----- Information supplied -----
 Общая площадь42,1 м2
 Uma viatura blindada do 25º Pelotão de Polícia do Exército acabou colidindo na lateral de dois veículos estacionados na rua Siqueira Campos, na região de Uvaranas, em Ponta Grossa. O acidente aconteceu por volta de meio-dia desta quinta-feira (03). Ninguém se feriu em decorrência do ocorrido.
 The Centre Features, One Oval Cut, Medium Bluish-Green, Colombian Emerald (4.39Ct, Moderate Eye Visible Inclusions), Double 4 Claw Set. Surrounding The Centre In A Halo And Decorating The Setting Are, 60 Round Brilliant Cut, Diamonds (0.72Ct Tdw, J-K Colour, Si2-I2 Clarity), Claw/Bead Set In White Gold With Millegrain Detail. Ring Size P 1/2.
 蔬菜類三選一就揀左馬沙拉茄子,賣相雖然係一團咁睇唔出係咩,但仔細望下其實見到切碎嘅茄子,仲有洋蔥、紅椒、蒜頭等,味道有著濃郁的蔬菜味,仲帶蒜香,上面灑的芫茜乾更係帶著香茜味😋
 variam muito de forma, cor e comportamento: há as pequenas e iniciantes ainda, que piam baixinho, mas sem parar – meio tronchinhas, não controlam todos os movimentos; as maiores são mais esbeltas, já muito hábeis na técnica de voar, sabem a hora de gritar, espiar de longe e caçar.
-----
----- Information supplied -----
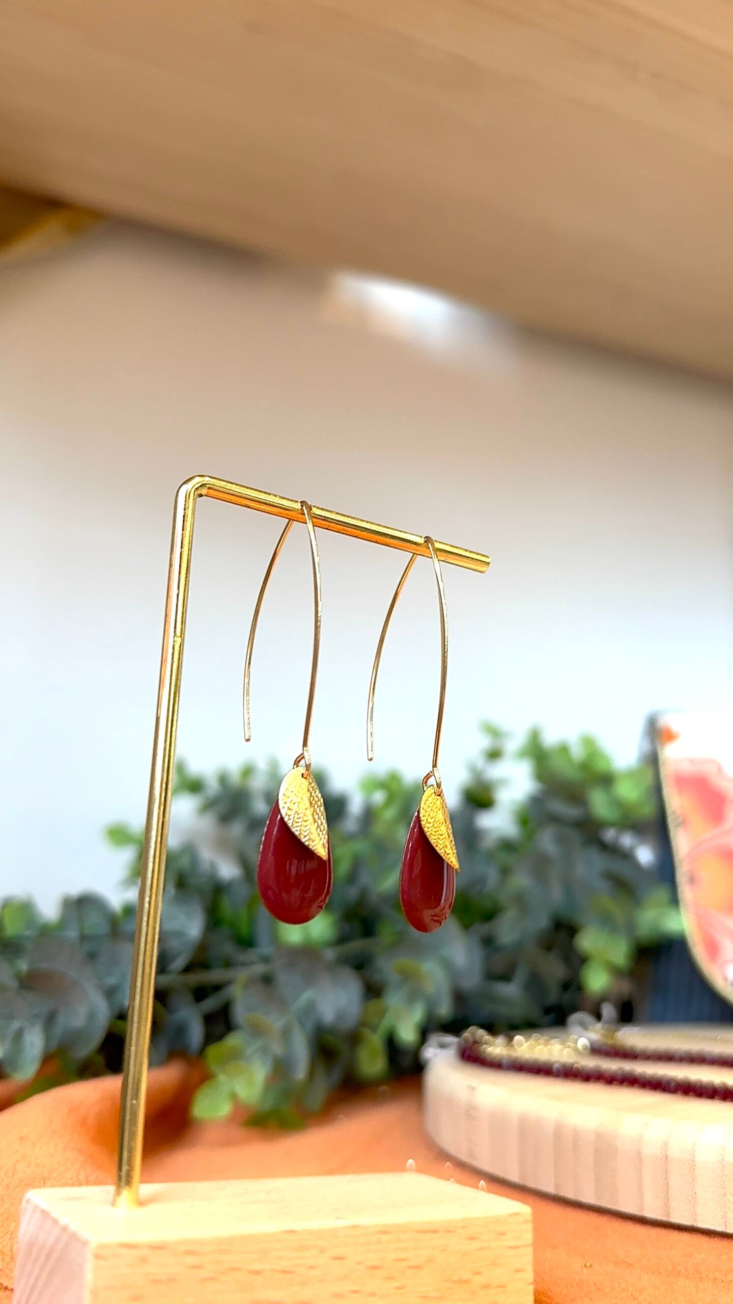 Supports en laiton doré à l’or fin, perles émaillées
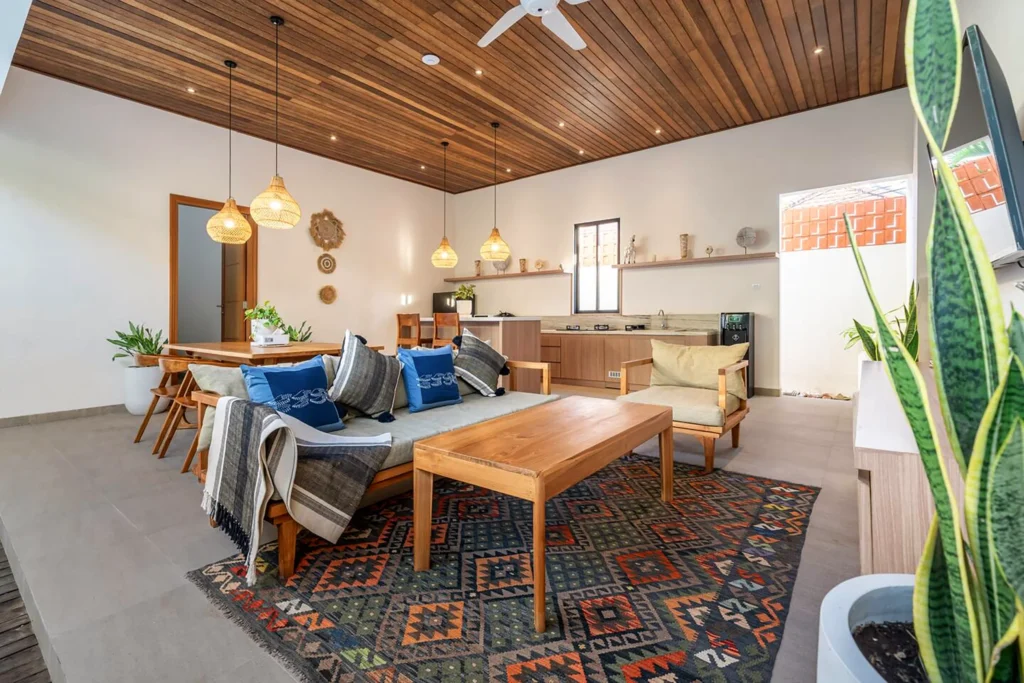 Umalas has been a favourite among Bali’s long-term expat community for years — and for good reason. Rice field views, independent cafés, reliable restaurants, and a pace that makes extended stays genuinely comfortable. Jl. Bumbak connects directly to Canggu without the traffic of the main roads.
-----
• **Exercise**
Working from the material above, restate word for word the lines between the line with "蔬菜類三選一就揀左馬沙拉茄子" and the line with "variam muito de", both included, and only those.

• **Task output**
 蔬菜類三選一就揀左馬沙拉茄子,賣相雖然係一團咁睇唔出係咩,但仔細望下其實見到切碎嘅茄子,仲有洋蔥、紅椒、蒜頭等,味道有著濃郁的蔬菜味,仲帶蒜香,上面灑的芫茜乾更係帶著香茜味😋
 variam muito de forma, cor e comportamento: há as pequenas e iniciantes ainda, que piam baixinho, mas sem parar – meio tronchinhas, não controlam todos os movimentos; as maiores são mais esbeltas, já muito hábeis na técnica de voar, sabem a hora de gritar, espiar de longe e caçar.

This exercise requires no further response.